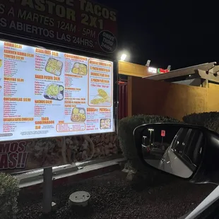 Food was great but they cheat you on the prices I ordered 2 Dinners 10.99 2 sodas charged me 41.00 . When I got home i looked at the receipt and he had down 6 more tacos which I didn't get. They dont understand English very well at all . If they have a drive through they need someone who can speak and understand English better then this guy. Pissed me off so be careful before you drive away and look at the receipt. But food was delicious.
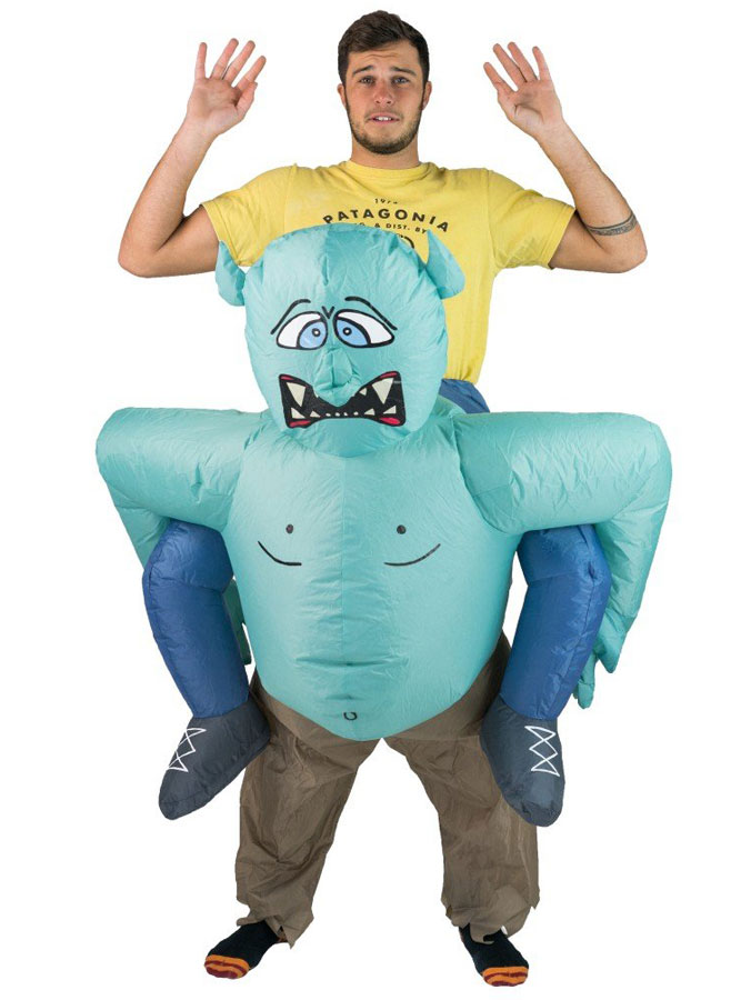 Uppblåsbar Troll Carry Me Dräkt består av en uppblåsbar maskeraddräkt som föreställer ett blått troll med läskigt ansikte och bruna byxor. Dräkten har också ett par låtsas ben på sidorna som gör att det ser ut som att trollet bär dig på ryggen.
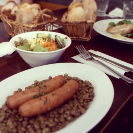 私が選んだのはレンズ豆とソーセージ&サラダ&籠いっぱいのパン![]()
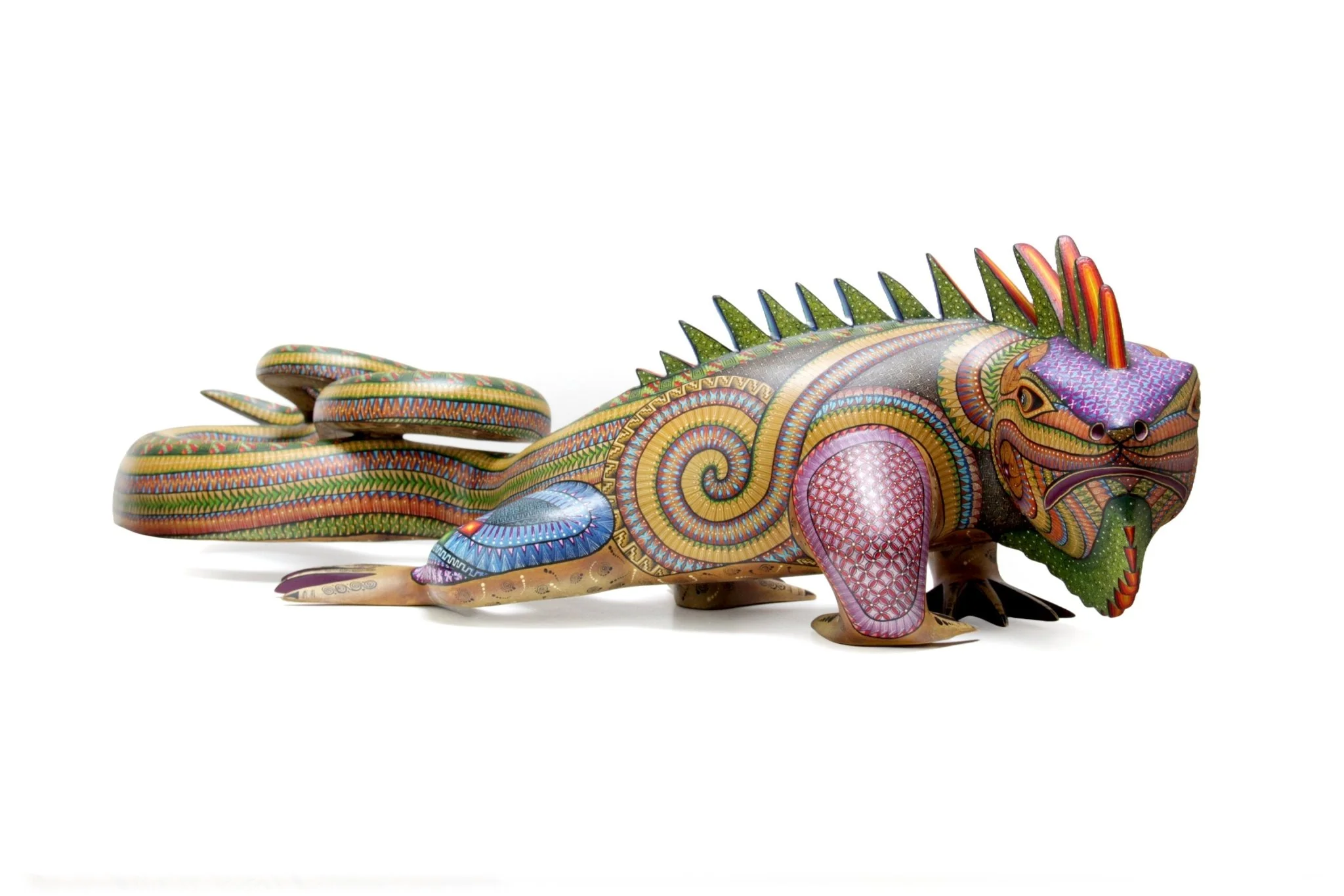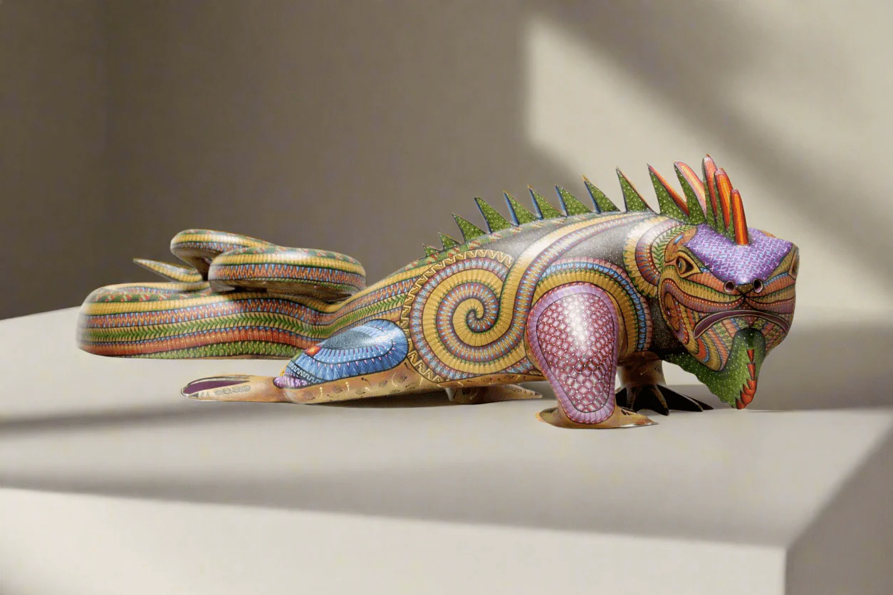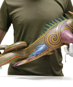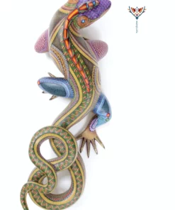 Las espinas verdes que cubren el cuerpo de la Iguana agregan un toque de complejidad y profundidad al diseño. La textura de la madera y la pintura a mano con técnicas tradicionales proporcionan un efecto visual único, mientras que los colores vivos añaden energía y vitalidad. Cada pieza es una obra de arte única, resultado del talento y la creatividad de los artesanos oaxaqueños. Esta pieza es perfecta para cualquier coleccionista que aprecie el arte popular mexicano.
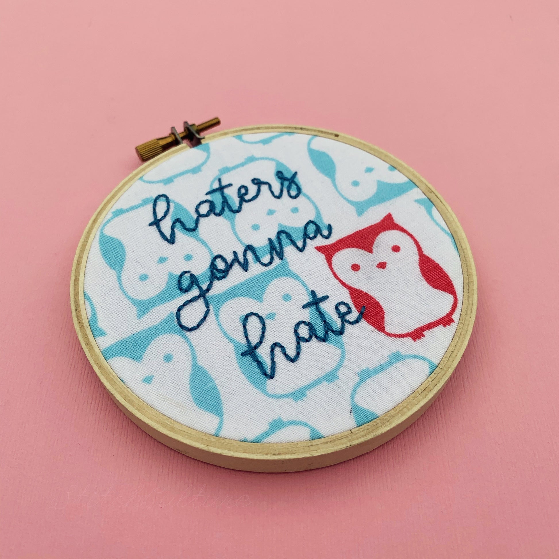 > Hand stitched with cotton embroidery floss on printed cotton fabric
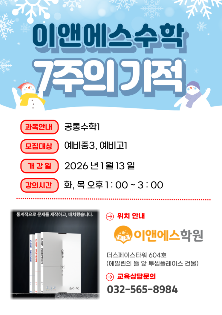 2026. 청라 수학 겨울방학 특강안내 (중등부) - 뻔하지 않은 특별한 교재 GRIP 공통수학1
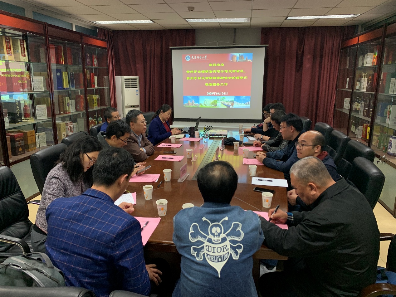 10月24日,贵州茅台集团天津省区经理胡秋翌和天津华溢睿智酒类销售有限公司经理肖宏一行9人来我校交流洽谈,党委副书记、校长路福平、财务处处长、校友办主任文峰、生物工程学院院长罗学刚、副院长滕玉鸥及部分老师出席交流座谈会,会议由罗学刚主持。
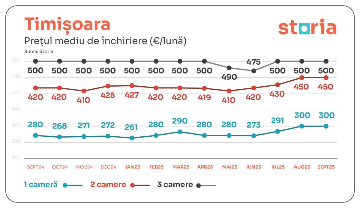 În TIMIȘOARA, chiria medie a garsonierelor este de 300 de euro, cu 7% mai mult decât în urmă cu un an, în timp ce apartamentele cu două camere au ajuns la 450 de euro, tot cu 7% peste nivelul din 2024. Apartamentele cu trei camere se mențin la 500 de euro.
┄┄┄┄┄┄┄┄┄┄┄┄┄┄┄┄┄┄┄┄
EXERCISE DESCRIPTION
Make an exact copy of the listing above. Do not include the pictures.

EXERCISE SOLUTION
 Food was great but they cheat you on the prices I ordered 2 Dinners 10.99 2 sodas charged me 41.00 . When I got home i looked at the receipt and he had down 6 more tacos which I didn't get. They dont understand English very well at all . If they have a drive through they need someone who can speak and understand English better then this guy. Pissed me off so be careful before you drive away and look at the receipt. But food was delicious.
 Uppblåsbar Troll Carry Me Dräkt består av en uppblåsbar maskeraddräkt som föreställer ett blått troll med läskigt ansikte och bruna byxor. Dräkten har också ett par låtsas ben på sidorna som gör att det ser ut som att trollet bär dig på ryggen.
 私が選んだのはレンズ豆とソーセージ&サラダ&籠いっぱいのパン![]()
 Las espinas verdes que cubren el cuerpo de la Iguana agregan un toque de complejidad y profundidad al diseño. La textura de la madera y la pintura a mano con técnicas tradicionales proporcionan un efecto visual único, mientras que los colores vivos añaden energía y vitalidad. Cada pieza es una obra de arte única, resultado del talento y la creatividad de los artesanos oaxaqueños. Esta pieza es perfecta para cualquier coleccionista que aprecie el arte popular mexicano.
 > Hand stitched with cotton embroidery floss on printed cotton fabric
 2026. 청라 수학 겨울방학 특강안내 (중등부) - 뻔하지 않은 특별한 교재 GRIP 공통수학1
 10月24日,贵州茅台集团天津省区经理胡秋翌和天津华溢睿智酒类销售有限公司经理肖宏一行9人来我校交流洽谈,党委副书记、校长路福平、财务处处长、校友办主任文峰、生物工程学院院长罗学刚、副院长滕玉鸥及部分老师出席交流座谈会,会议由罗学刚主持。
 În TIMIȘOARA, chiria medie a garsonierelor este de 300 de euro, cu 7% mai mult decât în urmă cu un an, în timp ce apartamentele cu două camere au ajuns la 450 de euro, tot cu 7% peste nivelul din 2024. Apartamentele cu trei camere se mențin la 500 de euro.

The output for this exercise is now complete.